Was der Kürbis mit einem Topf zu tun hat

GemeindebriefPhilippe Jaeck

Topf

Haben Sie schon einmal einem Töpfer bei der Arbeit zugeschaut oder sogar an einem Töpferkurs teilgenommen? Der Prophet Jeremia besuchte auch eine Töpferei - nicht aus Neugier oder weil er ein Hobby suchte, sondern weil Gott ihm das angeordnet hatte. Er schaute dem Töpfer bei seiner Arbeit zu. Der Töpfer modellierte mit seiner Hand den Ton. Aber nicht jedes Gefäß, das er formen wollte, gelang ihm beim ersten Mal. Als ihm ein Topf missriet, da drückte er den weichen Ton zusammen und begann von neuem. So erhielt der Topf die von ihm beabsichtigte Form. Und während Jeremia dem Töpfer so auf die Hände schaut, da bekommt er etwas zu hören: „Kann ich nicht mit euch verfahren wie dieser Töpfer, Haus Israel?... Siehe, wie der Ton in der Hand des Töpfers, so seid ihr in meiner Hand…“ (18,6).

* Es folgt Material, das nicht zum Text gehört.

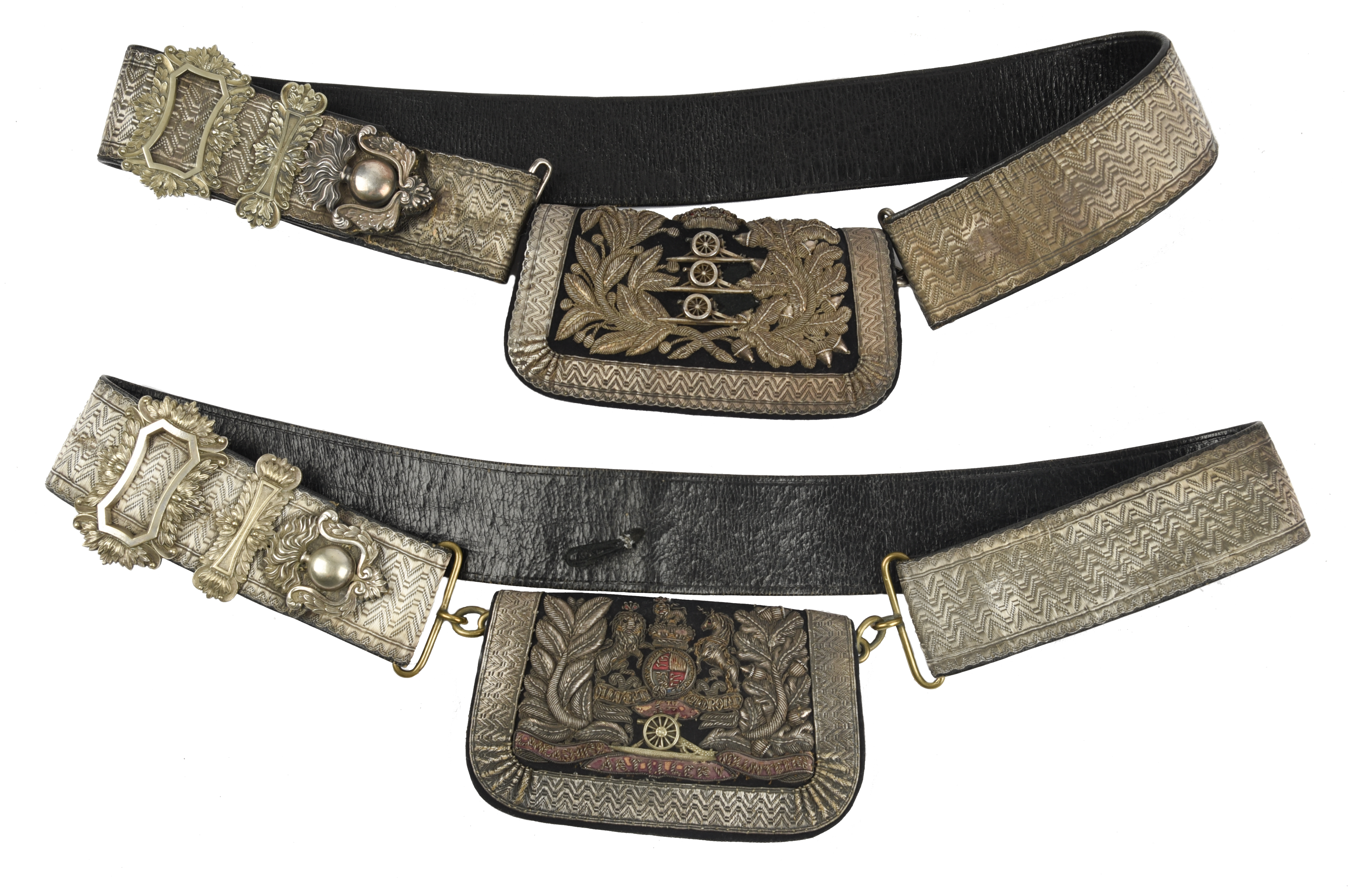 Two Victorian Artillery Volunteer officer's shoulder belts and pouches, with white metal fitting and faced with silver thread embroidery, the first with the Royal Arms and the title of the Lancashire Artillery Volunteers, the second with three applied field guns surmounted by a crown and supported by sprays of oak and laurel. [2]

Alle Menschen sind in seiner Hand. Der Töpfer bestimmt die Form, das Material hat keinen Einfluss darauf. Gott ist der Schöpfer, er hat den Menschen in seiner Hand. Der Prophet Jesaja (45,9) und viel später auch der Apostel Paulus (Röm 9,20) fragen: „...Sagt denn der Ton zu seinem Schöpfer: Was machst du?“; „Sagt etwa das Werk zu dem, der es geschaffen hat: Warum hast du mich so gemacht?“.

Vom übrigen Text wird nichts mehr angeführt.